Read A Cool Breeze on the Underground Online

Authors: Don Winslow

Tags: #Fiction, #Punk culture, #Mystery & Detective, #General, #London (England)

A Cool Breeze on the Underground (7 page)

“Somewhere around here,” Scott said, pointing toward the lower third of the first page.

“Good. Now was it the name of an agency, or just a couple of girls?”

“Just girls.”

“Good.”

Good, not great. But it was progress. Something to work from.

Scott sank back in his chair and let out a long sigh. He was an exhausted kid. He looked at Neal and smiled.

“We have to stop meeting like this,” he said.

Neal went for the brass ring.

“Hey, Scott. Did you take any pictures of these girls?”

Neal watched the kid’s spine stiffen.

“You mean dirty pictures?”

“No, I mean you tell your friends what you did and they say ‘Bullshit,’ and you whip out a couple of Polaroids of the girls.”

Scott looked him right in the eye and told him the God’s honest truth.

“No way.”

“Just a thought. When’s your test?”

“First period.”

Neal whipped through a few of the big themes in the old Scottish play, discoursed on how many times the word man was used, and for extra credit threw in a few notes on the uses of color in the imagery. Then he sent Scott on his way and phoned Joe Graham.

Neal was at scott’s school bright and early, first period. The kid’s dorm-room door was a breeze, one of those spring-bolt locks that yodel, “Come on in, pardner.”

The room was your typical boys’ school hovel with a sort of dirty laundry Cristo effect. Neal found Scott’s desk and went straight to the top right drawer, the locked one. It was a little less friendly than the door lock, but opened up after a little persuasion.

The usual collection of bullshit was in there. A bunch of letters from a girl named Marsha, another bunch from a Debbie. Lots of pictures: Marsha or Debbie with Scott on a beach; Marsha or Debbie with Scott at a dance; just Marsha or Debbie on a boat; just Scott on the boat, taken by Marsha or Debbie; Marsha or Debbie posed romantically under a willow tree. Neal didn’t see any of Marsha and Debbie pounding the crap out of Scott. He leafed through a couple of
Penthouse
magazines, a passport, and a brochure on Brown University before he came to a thin packet of pictures secured by a rubber band. Bingo. Scott and a friend with arms around two girls who were neither Marsha nor Debbie—in a hotel room. Hello, Ginger. Greetings, Yvonne.

Neal took the best picture and slipped it into his jacket pocket. He locked the desk drawer and walked out of the room, whistling a happy tune, wondering how Scott was doing in class.

Joe Graham, listening from the stairway, heard the whistling and left by a side door.

They met in the parking lot of the post office. Neal slid into the passenger seat of Graham’s car.

“So what do you have so important I have to come to Connecticut to hold your hand for?”

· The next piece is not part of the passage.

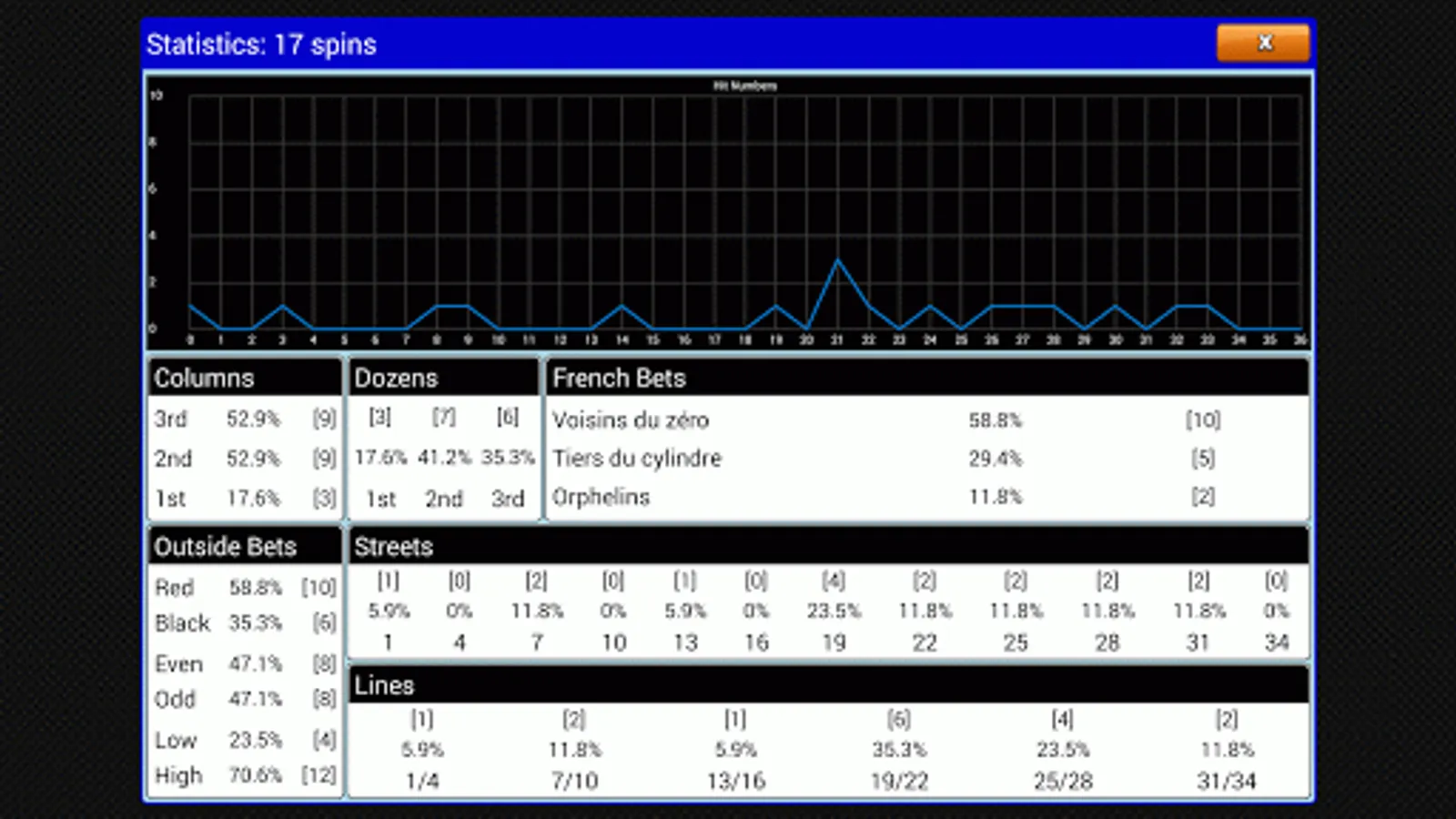 Have all useful information to gain your winnings in one SMART roulette tool! Adjust unhit notification alerts, be notified on right time and increase your chance to win. Get easily all stats and graphical overview of frequent numbers which help you choose right roulette betting strategy.

“I have Allie hooked up to a dealer, name unknown, naturally, who has friends in the ‘love for rent’ business. I have two working girls, names unknown, naturally, but narrowed down to about twelve phone numbers, who know the aforementioned dealer. I have skit.”

“You’re doing okay.”

“Yeah, right. Do you want to lay the odds on our finding Allie Chase in London?”

“About the same as Jackie O peeling my banana at Lincoln Center.”

Neal laid the photo on the dashboard.

“Visual aids, very nice,” Graham said.

“I’ve been thinking about something.”

“Hard to believe.”

“Allie Chase ran before.”

“So?”

“Twice to New York.”

Graham pretended to study the picture.

“If I’d have picked her up, I would have told you about it,” he said.

“So you didn’t, and I didn’t, and—”

“There’s nothing about it in the file.”

“At least not in the file we’ve seen.”

Graham perused the picture some more. “Nice-looking girls.”

“What’s going on, Dad?”

“Son, I don’t know.”

I hope you don’t, Dad. Goddamn, I hope you don’t.

6

A few weeks and a few jobs after Neal had started working for Graham, he answered a knock on the door, to find the gremlin standing there, his arms full of packages and a brand-new mop and broom clutched in one hand.

“What’s this?” Neal asked.

“I’m fine, thank you. How are you? Your mother home?”

“Not lately.”

Graham brushed him aside and stepped in.

“You live in a toilet. A toilet.”

“It’s the maid’s year off.”

Graham swept off some garbage from the kitchen counter and set the packages down. “We’re going to fix that.”

“You buy me this stuff?”

“No, you bought you this stuff. I took it out of your pay for the last job.”

“You better be kidding me, man.”

“This,” said Graham with an appropriate flourish, “is a mop. You use it to clean floors.”

“Just give me the money.”

“This is a broom. You also use it to clean floors,” Graham said, looking around, “although maybe I should have brought some dynamite.”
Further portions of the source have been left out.